Here is another citation for $72,600 for a roofing company in Florida....
http://www.osha.gov/pls/oshaweb/owadisp.show_document?p_table=NEWS_RELEASES&p_id=23166


----------



## Grumpy (Oct 29, 2008)

A fine like that would put most guys out of business. IN the case of the silva guy, I think that's what they were trying to do after visiting 3 or 4 of his job sites. I wonder who provided the addresses, a mole on the inside?


Protect your guys, but also protect yourself. DOCUMENTED training is the only way to even have a chance to claim that the employees may be negligent, not the employer. Let's be realistic, the guys will do what they want when they think nobody is watching. 

I'm implementing a safety orientation for new hires, I recently posted about that, and to be truthful CYA is the reason I am doing it.

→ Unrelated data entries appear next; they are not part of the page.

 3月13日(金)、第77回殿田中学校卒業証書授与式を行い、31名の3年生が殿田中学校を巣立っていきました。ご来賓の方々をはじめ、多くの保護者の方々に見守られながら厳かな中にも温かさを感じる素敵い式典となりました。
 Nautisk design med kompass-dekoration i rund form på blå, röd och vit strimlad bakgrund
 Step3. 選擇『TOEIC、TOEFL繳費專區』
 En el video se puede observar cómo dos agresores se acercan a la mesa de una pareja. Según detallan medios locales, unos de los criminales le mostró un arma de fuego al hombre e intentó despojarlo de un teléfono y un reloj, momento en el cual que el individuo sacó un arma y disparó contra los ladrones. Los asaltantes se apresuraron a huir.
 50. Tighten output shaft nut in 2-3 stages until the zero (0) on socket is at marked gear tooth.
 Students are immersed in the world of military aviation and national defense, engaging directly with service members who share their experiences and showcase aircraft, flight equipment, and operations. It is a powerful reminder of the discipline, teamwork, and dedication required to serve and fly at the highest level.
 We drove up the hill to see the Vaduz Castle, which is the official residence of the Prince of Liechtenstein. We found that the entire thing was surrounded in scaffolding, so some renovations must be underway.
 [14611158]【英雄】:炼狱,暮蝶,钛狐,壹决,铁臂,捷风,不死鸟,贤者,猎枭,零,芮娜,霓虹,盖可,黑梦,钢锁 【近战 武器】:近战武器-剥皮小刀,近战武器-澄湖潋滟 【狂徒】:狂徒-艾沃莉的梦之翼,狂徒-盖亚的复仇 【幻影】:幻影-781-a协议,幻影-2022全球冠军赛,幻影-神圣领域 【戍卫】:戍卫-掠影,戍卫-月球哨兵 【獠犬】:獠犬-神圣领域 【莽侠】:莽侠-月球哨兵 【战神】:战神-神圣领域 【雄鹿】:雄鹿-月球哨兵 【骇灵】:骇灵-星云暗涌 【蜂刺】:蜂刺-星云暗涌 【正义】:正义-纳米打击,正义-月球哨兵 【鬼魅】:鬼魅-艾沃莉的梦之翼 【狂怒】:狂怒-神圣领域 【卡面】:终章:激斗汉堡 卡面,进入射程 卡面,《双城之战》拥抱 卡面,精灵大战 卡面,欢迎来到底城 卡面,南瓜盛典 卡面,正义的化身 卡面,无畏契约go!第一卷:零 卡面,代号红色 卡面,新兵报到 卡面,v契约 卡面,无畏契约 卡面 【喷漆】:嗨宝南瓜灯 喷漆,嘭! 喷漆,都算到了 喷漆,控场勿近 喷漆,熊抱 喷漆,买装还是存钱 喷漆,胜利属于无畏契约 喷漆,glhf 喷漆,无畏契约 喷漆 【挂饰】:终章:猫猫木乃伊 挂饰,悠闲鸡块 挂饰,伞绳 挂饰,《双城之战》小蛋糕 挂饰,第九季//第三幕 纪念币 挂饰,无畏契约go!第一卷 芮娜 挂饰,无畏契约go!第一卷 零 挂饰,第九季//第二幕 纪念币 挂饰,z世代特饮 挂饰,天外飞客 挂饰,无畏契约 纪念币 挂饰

I personally don't want to have to pay IF the employee is negligent. If it's my fault, then I'm the dumb ass and deserve what I get.


----------



## dougger222 (Aug 13, 2010)

I'm 100% for a safe workplace but can't stand the government telling me how to work on my job site.

Fines or tax???


----------



## acroofers (Mar 13, 2013)

*toolbox meetings a must before each job*



Grumpy said:


> Protect your guys, but also protect yourself. DOCUMENTED training is the only way to even have a chance to claim that the employees may be negligent, not the employer.
> 
> 
> I totally agree with the statement above. I recently was told to bring my crew down a 5 storey building for a quick briefing on safety by a local governement safety official. After an hour of initially perceived as a total waste of time, the question was asked to all of us:
> What is your safety strategy if 1 of the boys is left hanging 2 storeys in the air, harnessed but with broken pelvis,limbs or anything else? The issue was not to carry a long ladder at all times.


----------



## acroofers (Mar 13, 2013)

*toolbox meetings a must before each job*



Grumpy said:


> Protect your guys, but also protect yourself. DOCUMENTED training is the only way to even have a chance to claim that the employees may be negligent, not the employer.
> 
> 
> I totally agree with the statement above. I recently was told to bring my crew down a 5 storey building for a quick briefing on safety by a local governement safety official. After an hour of initially perceived as a total waste of time, the question was asked to all of us:
> ...


----------



## lukkychucky (May 14, 2012)

Making roofers wear a harness on a roof 8 and a half feet off the ground on a 4 and 12 slope is ridiculous. It is also possible for a roofer to be injured from a fall because of wearing a harness when if there was no harness there would have been no injury or limited injury. With that being said, I may be one of the most cautious roofers around. .


----------



## acroofers (Mar 13, 2013)

"With that being said, I may be one of the most cautious roofers around" You may be extra cautious yourself. How about the rest of your crew? How about the new guy you just hire on the week-end or for bigger jobs. 
I totally agree with your statement having been a shingler myself, but comes a time on a roof where the basic safety rules need to apply, period. I totally understand that harnesses and safety lines slow us down drastically.
Something else, another not so rosy aspect of roofing is the huge drug and booze intakes within the industry. In my region, a regular piss test would shut down the roofing industry and most of the construction industry. Don't you think some basic safety rules need to apply in order to weed out some of the boys and girls that do not want to abide? An analogy? The car safety belt...
Arnold
ex shingler
acroofers.com


----------



## lukkychucky (May 14, 2012)

The car safety belt does not hinder you while driving. Your just sitting there anyways so why not put it on? I am constantly all over guys about safety. The best deterrent of on the job accidents is common sense, quality supervision and safety training. I could JUMP off a roof repeatedly at 8 feet from sunrise to sunset without injury. Do you know of "anything" the government handles well? Other than taking everyones money? Government rules, regulations, taxes, etc. etc. is the reason a $3,500 roof costs a homeowner $10,000.


----------



## Safety_Guy (Dec 15, 2011)

How is this for "common sense"

The bodies of two children were recovered Monday after crews worked through the night to try and save the pair, buried under a wall of dirt at a construction site at a home in North Carolina.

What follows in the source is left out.